Combining the dimensions we have

$$\left[L T^{-2}\right]\left[M L^{-1} T^{-1}\right] = M\,L^{(1-1)}\,T^{(-2-1)} = M\,T^{-3}.$$

This exactly matches the required $$M T^{-3}$$, so Option A is dimensionally consistent.

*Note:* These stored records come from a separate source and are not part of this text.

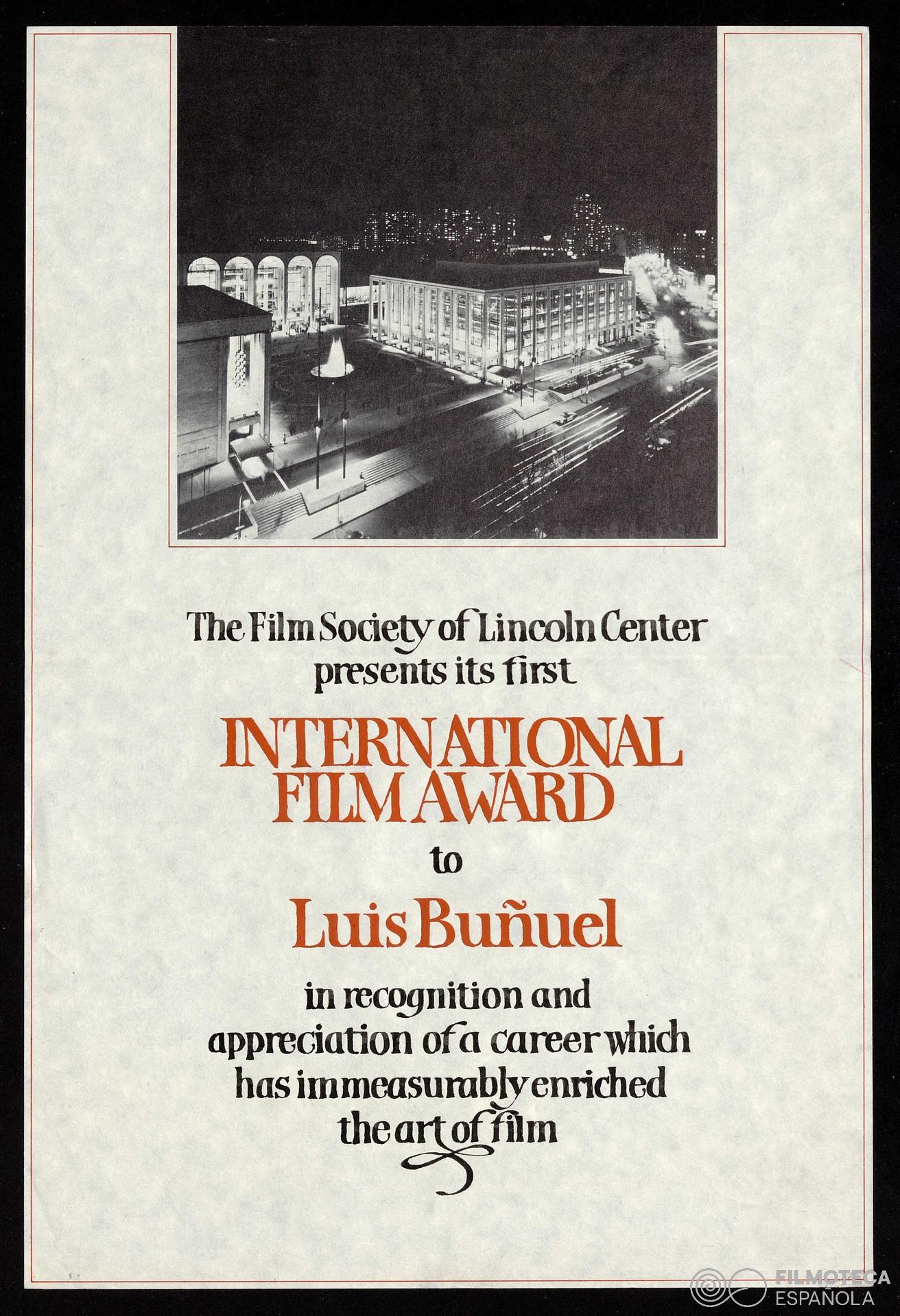 Primer «International Film Award» concedido a Buñuel por The Film Society of Lincoln Center
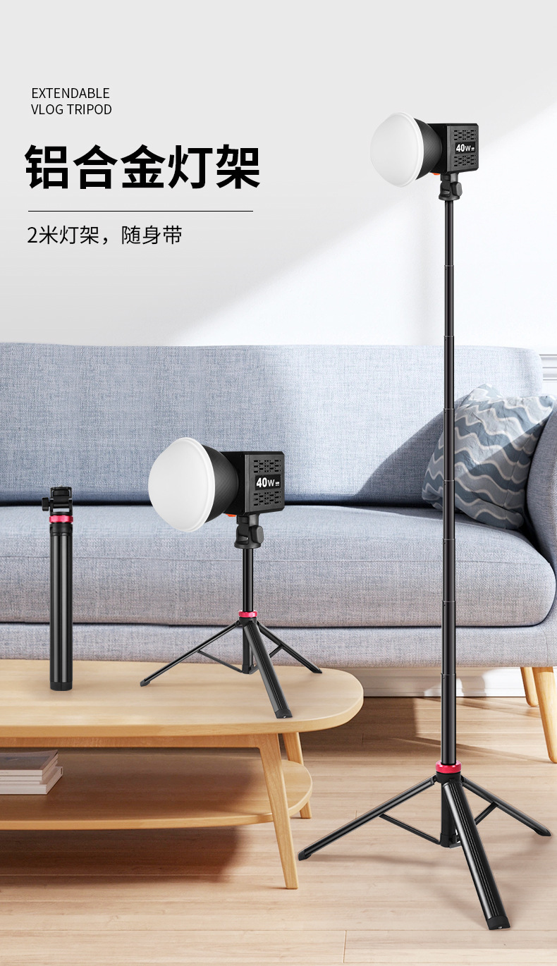 2m 플로어 스탠드 야외용 4단계 높이 강화 지지대(휴대폰 클립 포함) 삼각대 4단 접이식 휴대용
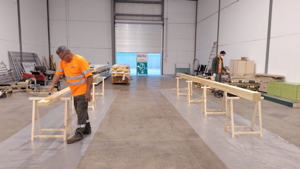Las cuadrillas del Cabildo preparan y protegen las maderas para instalar a continuación las pérgolas de Tesejerague y Tiscamanita
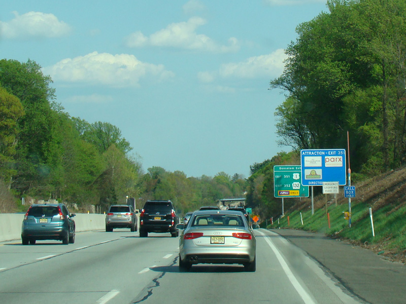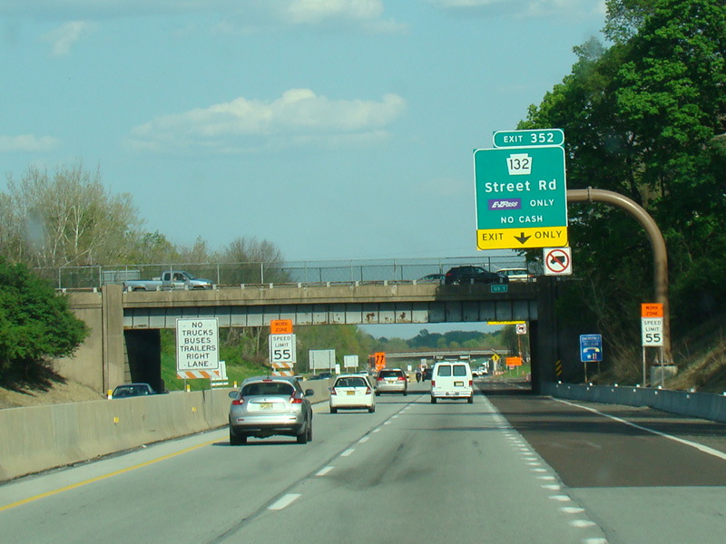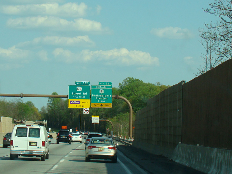 These pictures show the Pennsylvania Turnpike at exits 351-352 as it appeared in 2015. At the time, exit 352 was restricted to motorists with E-ZPass. This restriction was removed when the turnpike was converted to cashless tolling. The signage for exit 351 was also enhanced to more prominently announce that access to I-95 south and I-295 east is through this exit.
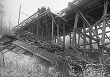 The morning of October 22, 1919, saw residents unexpectedly contending with snow and freezing temperatures.[5] As streetcar No. 21 approached the bridge spanning a ravine at 132 Street, which only had one streetcar track, Motorman McLennan slightly applied the brakes.[5] Snow and ice were compacted into piles by the skidding wheels, causing the streetcar to leave the track and lurch over the right-hand side of the bridge.[5] The streetcar fell 10 metres (33 ft) down the ravine, and landed on its roof.[14] McLennan and his five passengers all survived, but received various injuries — ranging from scratches and bruises, to fractured ribs and a broken sternum.[14] Four factors played a large role in their survival: The streetcar fell just over half the total depth of the ravine, the trucks—which were among the streetcar's heaviest components—detached before it landed, its sides caved outward instead of inward, and the frame stopped the roof from caving in.[14]
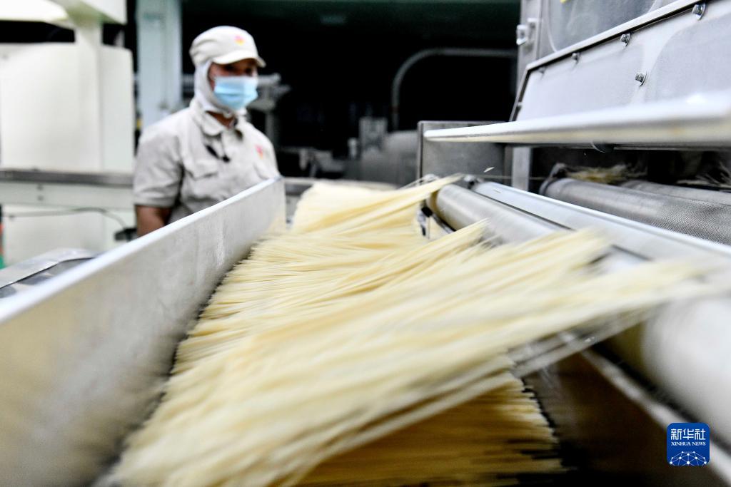 9月12日,在濱州中裕食品有限公司掛面生產(chǎn)車(chē)間,工作人員在流水線(xiàn)上值守。

Option B : $$\eta\left(\dfrac{S\Delta\theta}{h}\right)\left(\dfrac{1}{\rho g}\right)$$

$$\left[M L^{-1} T^{-1}\right] \left[L T^{-2}\right] \left[M^{-1} L^{2} T^{2}\right] = M^{(1-1)}\,L^{(-1+1+2)}\,T^{(-1-2+2)} = L^{2}\,T^{-1}.$$

This gives $$L^{2} T^{-1}$$, which is not $$M T^{-3}$$, so Option B is incorrect.

Option C : $$\left(\dfrac{S\Delta\theta}{\eta h}\right)\left(\dfrac{1}{\rho g}\right)$$

First compute $$\dfrac{S\Delta\theta}{\eta h}$$:

$$\dfrac{[S\Delta\theta]}{[\eta][h]} = \dfrac{L^{2} T^{-2}}{(M L^{-1} T^{-1})(L)} = \dfrac{L^{2} T^{-2}}{M L^{0} T^{-1}} = M^{-1} L^{2} T^{-1}.$$

Multiplying this by $$\left[M^{-1} L^{2} T^{2}\right]$$ from $$\dfrac{1}{\rho g}$$ gives

$$M^{-2} L^{4} T^{1},$$

which again fails to match $$M T^{-3}$$, so Option C is incorrect.

Option D : $$\dfrac{S\Delta\theta}{\eta h}$$

We already found above that its dimension is $$M^{-1} L^{2} T^{-1}$$, clearly not $$M T^{-3}$$, hence Option D is also incorrect.

Among all the choices, only Option A reproduces the correct physical dimension for heat flux. Therefore the student’s dimensional reasoning leads to

$$\dfrac{Q}{A}\;=\;\eta\left(\dfrac{S\Delta\theta}{h}\right).$$

Hence, the correct answer is Option A.